El cine abarca sus historias y el pensamiento que las impregna, sus directores y actores, también el desarrollo de su lenguaje. Resulta difícil no concebir la historia del cine como una serie de evoluciones a partir de variaciones, de motivos que persisten o se transforman, por lo que ciertos capítulos parten de un punto histórico concreto, para proyectar sus efectos hacia el futuro, como las ondas expansivas que siguen a la caída de la piedra en el estanque. Valía la pena demorarse en lo más pequeño e insignificante, en gestos, palabras, rostros, encuadres; técnicas como el primer plano, capaces de llenar la pantalla y aguijonear nuestras emociones; o esos objetos que están siempre en el fondo del romance, precediéndolo o anunciando su inminente culminación: ventanas, cuadros, espejos. Símbolos y metáforas que han persistido a lo largo de la historia del cine, junto a otros más recientes, como la pantalla televisiva, consecuencia de los avances tecnológicos de los nuevos tiempos. Hasta las pantallas -pequeñas y grandes- de nuestros días llega el amor clamando purificación, ofreciendo caminos alternativos que permitan revivificar su representación. En un mundo donde la intertextualidad alcanza límites desaforados vivir con el ingente pensamiento que nos legó el pasado a cuestas produce un cierto sofoco cultural que, sin embargo, se soporta con una euforia que no deja de sorprenderme. No como un fardo oneroso o un gravamen asfixiante, sino como un inmenso favor que nos sonríe desde el cielo de la historia. El último capítulo, Besos imposibles, contiene explícitas referencias a las secuelas de este fenómeno en el ámbito cinematográfico; a la obscenidad de una imagen que, manoseada por los medios audiovisuales de masas, ha corrompido lo vanguardista hasta convertirlo en kistch. Por suerte todavía quedan visiones límpidas, sofisticadas o tenebristas, que pugnan por devolverle su pureza -Krzysztof Kieslowski, David Cronenberg, Abbas Kiarostami-, aunque para ello algunos deban pasarse quince o veinte años pergeñando series de televisión o anuncios publicitarios.
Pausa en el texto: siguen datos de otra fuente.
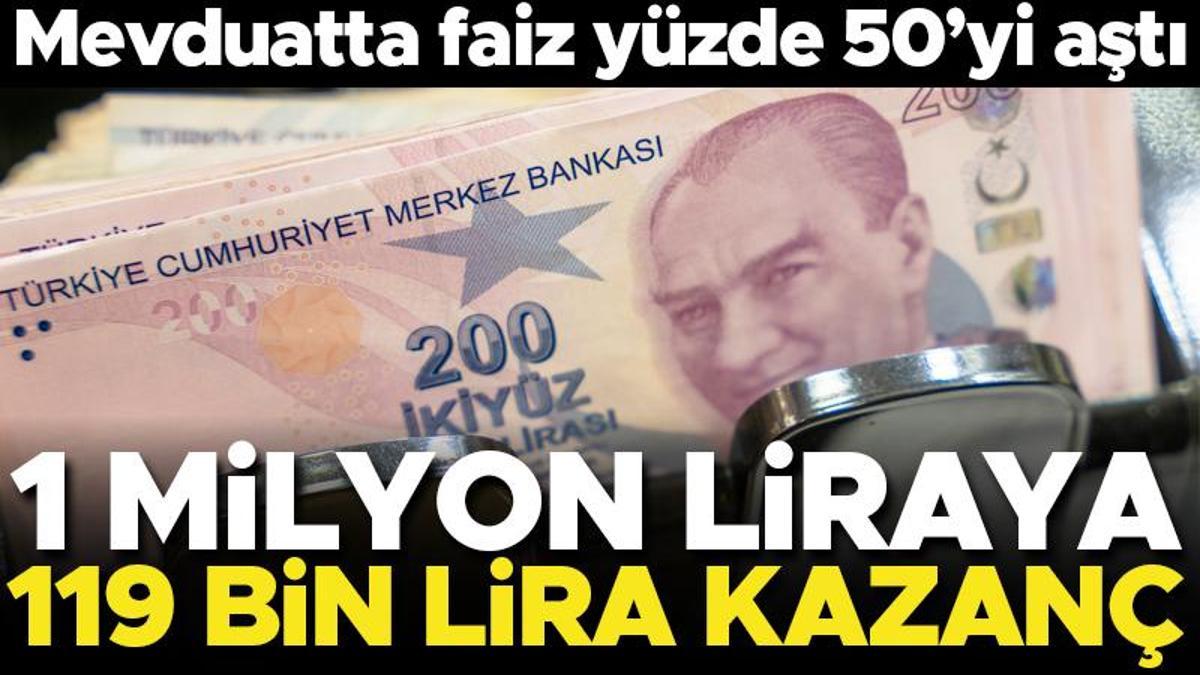 1 milyon lirası olan bir kişi yüzde 50.49 faizle 3 aylık mevduata parasını yatırdığında 119 bin 700 lira faiz getirisi elde ediyor.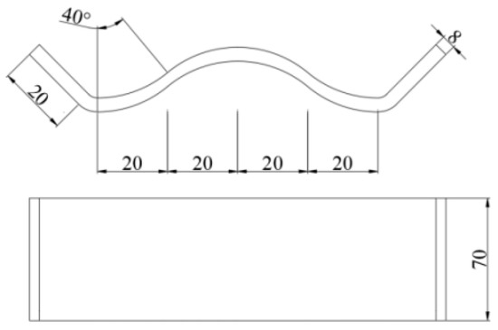 A case of WSOC with the same size and as the specimen OS was designed, and four corrugated plates of the same size were installed on the outside of the joint area. The dimensions of the outer corrugated plate are shown in Figure 8. The anti-collapse behavior of the WSOC was investigated using the same modeling method, model parameters, boundary conditions, and loading scheme, as in Section 3.2. Figure 9 presents the FE model of the WSOC.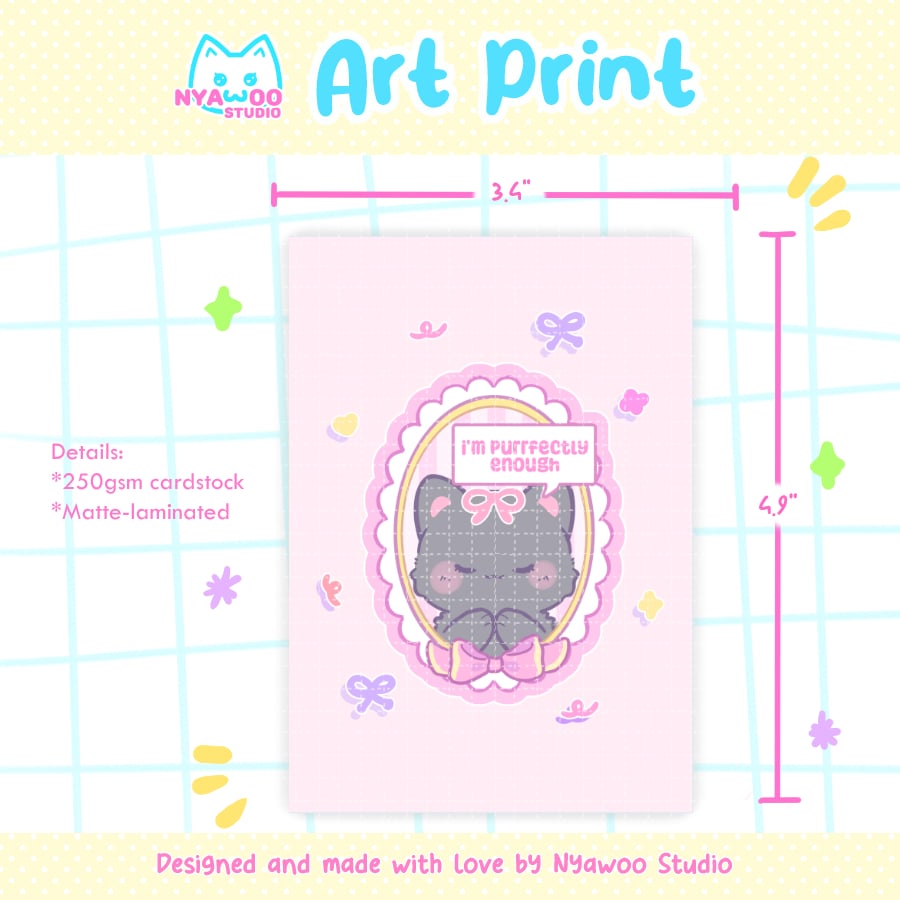 I'm Purrfectly Enough Cat Art Print | Affirmations and Positive Vibes Theme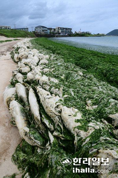 기괴한 '파래산성'26일 서귀포시 성산읍 시흥리 해안에 제주 해변의 골칫거리인 파래가 돌담처럼 쌓여 미관을 해치고 있다. 강희만기자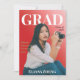 In a straight off the press fashion, announce your graduate's achievement with a magazine style announcement card. Use Zazzle's BG Remover, your own photo editing software, or smart phone to remove the background from the photo. Add the graduate's class year, school, and name. If desired choose the "Add Text" option to add a quote, plans, etc.. The red background goes from light to dark, providing more emphasis for the student's picture. This card features different colors and fonts for the text; however, those may be changed.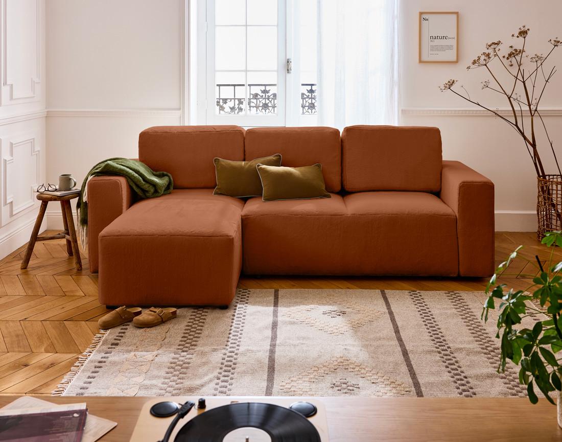 Avec son magnifique revêtement en fausse fourrure, le canapé d'angle réversible 4 places Livy se place au sommet de nos coups de cœur du moment. Ce magnifique textile, tout doux et invitant à souhait, est parfait pour apporter à votre salon une touche cosy très esthétique et tendance. De quoi parer votre intérieur d'un meuble absolument irrésistible, qui saura attirer à lui tous les regards ! Ce joli canapé tendance s'accordera parfaitement avec un fauteuil en tissu bouclette ou en fausse fourrure, pour renforcer l'allure cocooning de votre espace de vie. N'hésitez pas à personnaliser l'allure de votre canapé Livy, en le choisissant dans l'un des 4 coloris disponibles. Choisissez-le en beige, rouille, bleu ou vert, selon vos préférences et le style désiré !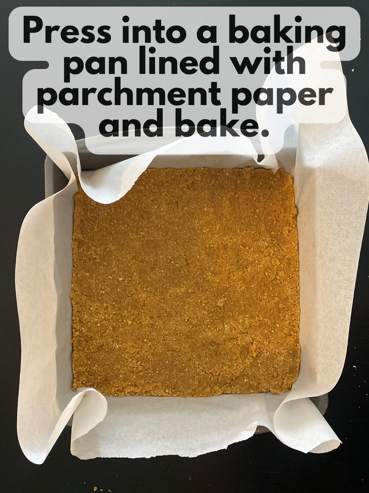 • Make the Crust: Mix crushed graham crackers, sugar, and melted butter. Press firmly into a greased or parchment-lined 9x9-inch pan.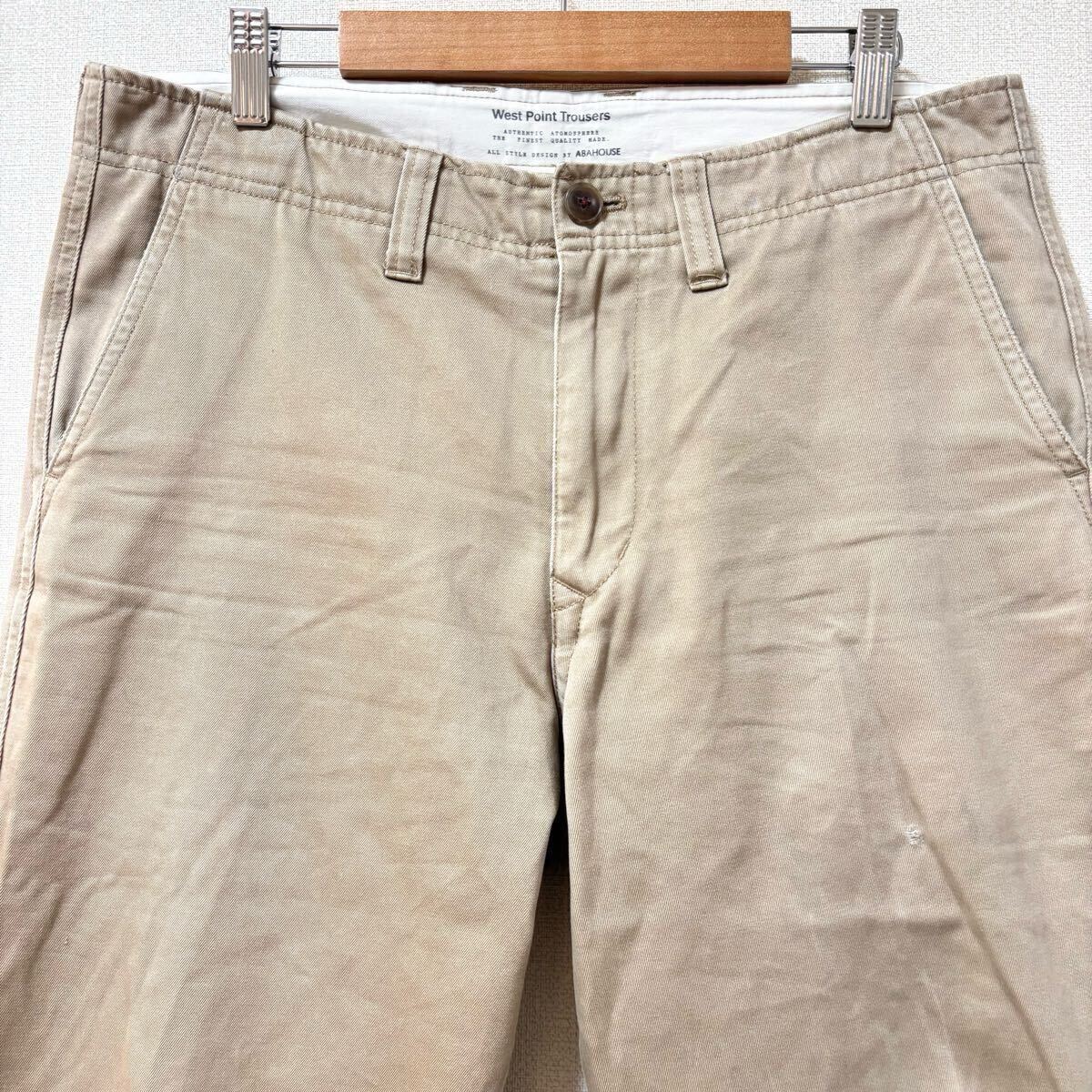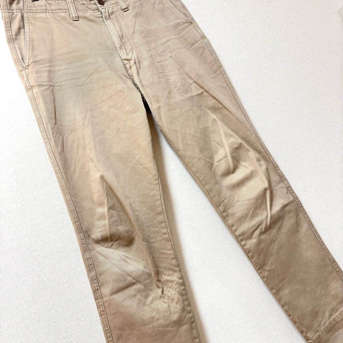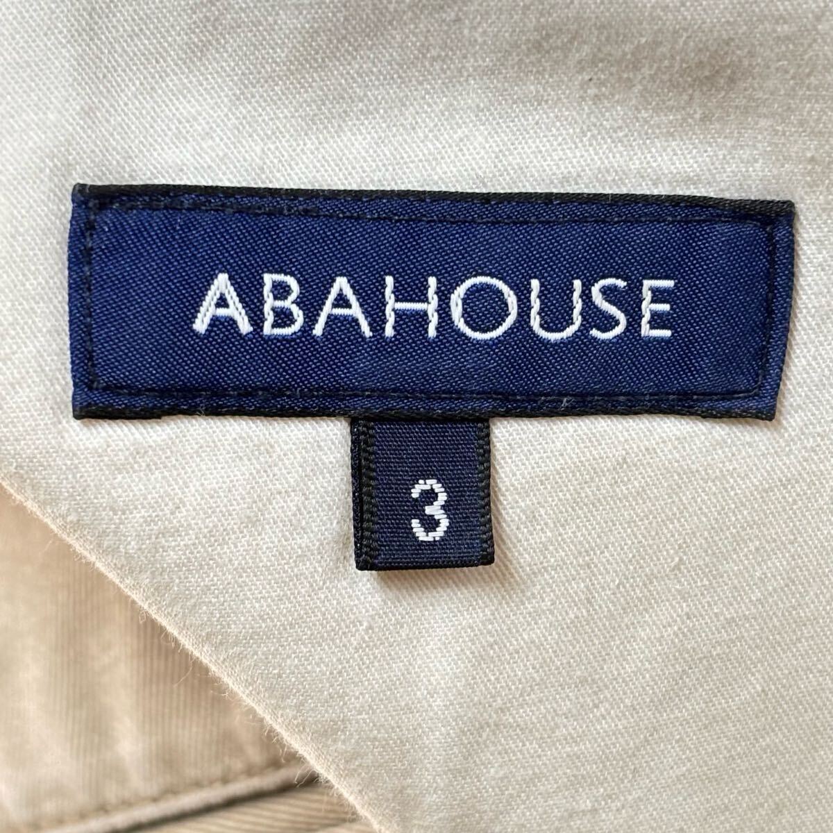 ABAHOUSEのチノパンです。ハリのあるコットン100%素材で仕立てられたストレートシルエットのパンツになります。カジュアルにもクリーンにも合わせやすいベーシックなスタイルです◎フロントに一部に薄いシミがありますが、その他に目立つキズや汚れなどはないのでまだまだお使いいただけると思います^ ^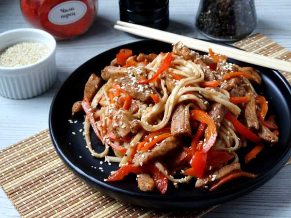 В кипящую подсоленную воду отправьте лапшу удон и варите согласно инструкции на упаковке. Удон варится очень быстро. Затем откиньте лапшу на дуршлаг.
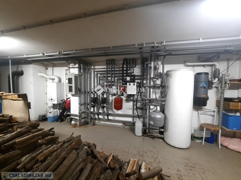 A ház alatt kialakított pincében található a kazánház. A fűtést kondenzációs gázkazán és faelgázosító kazán működteti padlófűtéssel és radiátorokon keresztül. A megújuló energiát hasznosító rendszerek (napelem és napkollektor) és a többlépcsős fűtési megoldások hosszú távon is biztonságos és költséghatékony működést garantálnak.
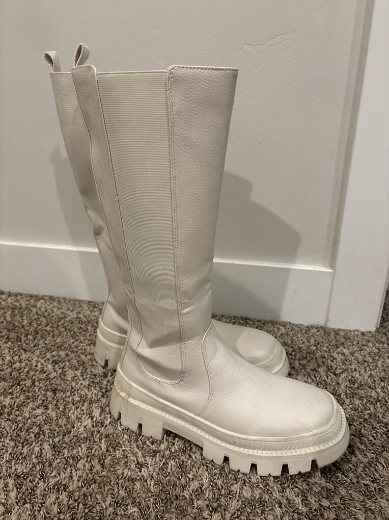 VenmoThese boots are really size 9 1/2 not nine, but they fit like a nine. They have a long zipper all the way to the bottom on one side and on the other side, a big elastic strip.
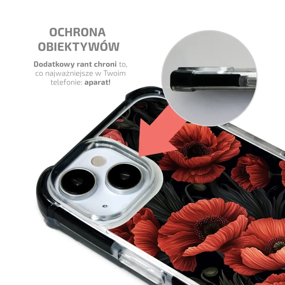 Etui jest wyposażone w podniesione krawędzie wokół ekranu i obiektywu aparatu, zapewniając dodatkową warstwę ochrony.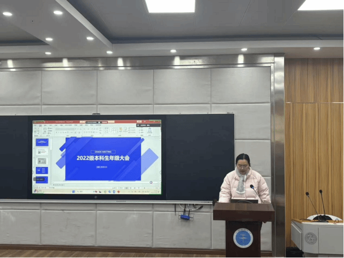 2022级本科生年级大会在1114报告厅召开。本次大会由专职辅导员曾戈晖主持,兼职辅导员黄灿及全体2022级本科生通过线上与线下相结合的方式参加会议。会议围绕学期总结、毕业、实习就业、安全教育展开。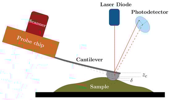 Experimental setup to obtain AFM force–indentation curves. The dashed cantilever represents its original, undeformed configuration, is the cantilever deflection and is the indentation depth.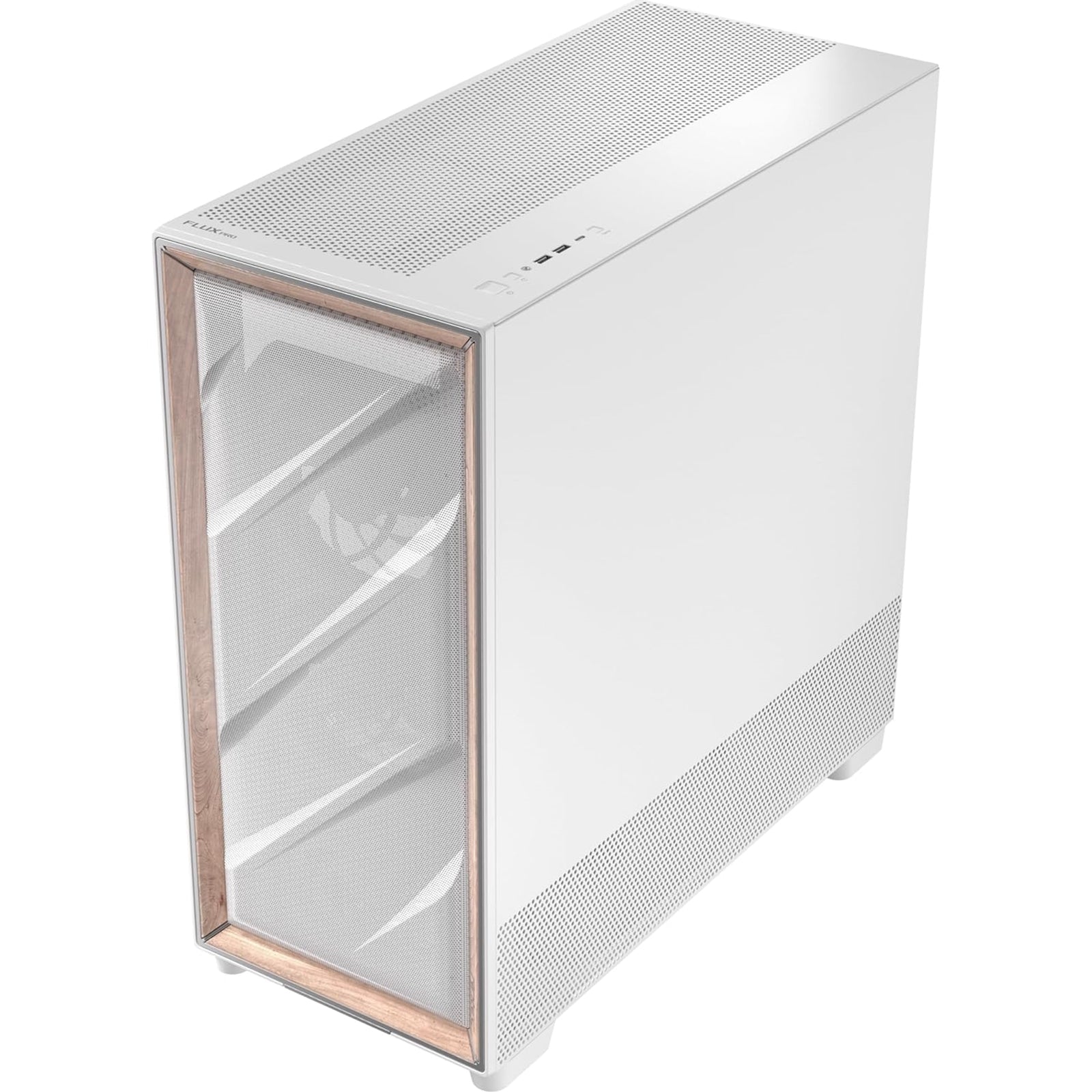 Flux Vertical Cooling enhances heat dissipation through the PSU chamber, boosting the cooling effect for the graphics card. Flux Horizontal Cooling ensures a smooth venting channel throughout the case via the front mesh. The front panel, crafted from a mix of metal mesh and walnut wood, adds a premium touch, blending seamlessly into any home design.

Y también espectadores incondicionales prestos a celebrar estas nuevas exploraciones en el limbo de la emoción sin nombre. Afortunadamente, la emoción que deriva del ámbito de lo imaginario, y en concreto del cinematográfico, será innombrable si bien en absoluto imaginaria.


 La búsqueda del amor es heurística en los dos sentidos de esta palabra fascinante: reflexión histórica y arte de invención. El sentimiento del amor se redescubre cada día con el hombre, pero la palabra sigue conservando un aura mágica e indiscernible, que la revela todavía más misteriosa y atrayente. El lector tiene en sus manos un libro incompleto por azar y necesidad, aunque coherente y unitario, para el análisis del juego de fuerzas que encierra en sí mismo una complejidad irreductible a un sólo concepto. Su propósito no es tanto informar de manera caótica y exhaustiva como constituir un recuento orientativo de las grandes visiones del amor ligadas a la evolución del arte cinematográfico durante su siglo de existencia. Y sobre todo, inducir a la reflexión, contagiar entusiasmos cinéfilos, aniquilar certezas: ¿Estará sucumbiendo el amor romántico occidental, colmado de valores de larga tradición, o todo lo contrario, regresa con nuevos matices, amparado en valores inciertos como la voluntad y el destino? ¿Superará el amor su dualidad, a través de la sublimación del cuerpo o la racionalización del alma? ¿Todavía somos capaces de creer en el deseo, en su poder y su esencia regeneradora, todavía somos capaces de crear el amor? ¿O es que debe cambiar algo en nosotros para que éste sobreviva? ¿Se reconcilian amor y deseo atravesando como una sola flecha el espacio audiovisual fantasmagórico? Y en este caso, ¿cómo definir la trayectoria de una emoción -de algo que a veces ni siquiera es movimiento, sino una porción de energía contenida-, qué sentido castrador tiene nombrar un tipo de conocimiento abierto a lo imposible? Las preguntas son las mismas para todos, pero el cine no ofrece respuestas unívocas: cada época y movimiento estético, director o película, símbolo o imagen aportan su verdad particular, sincera e intransferible. 


Silvia Rins, La emoción sin nombre. Amor y deseo en el cine. Rebross, Cáceres, 2001.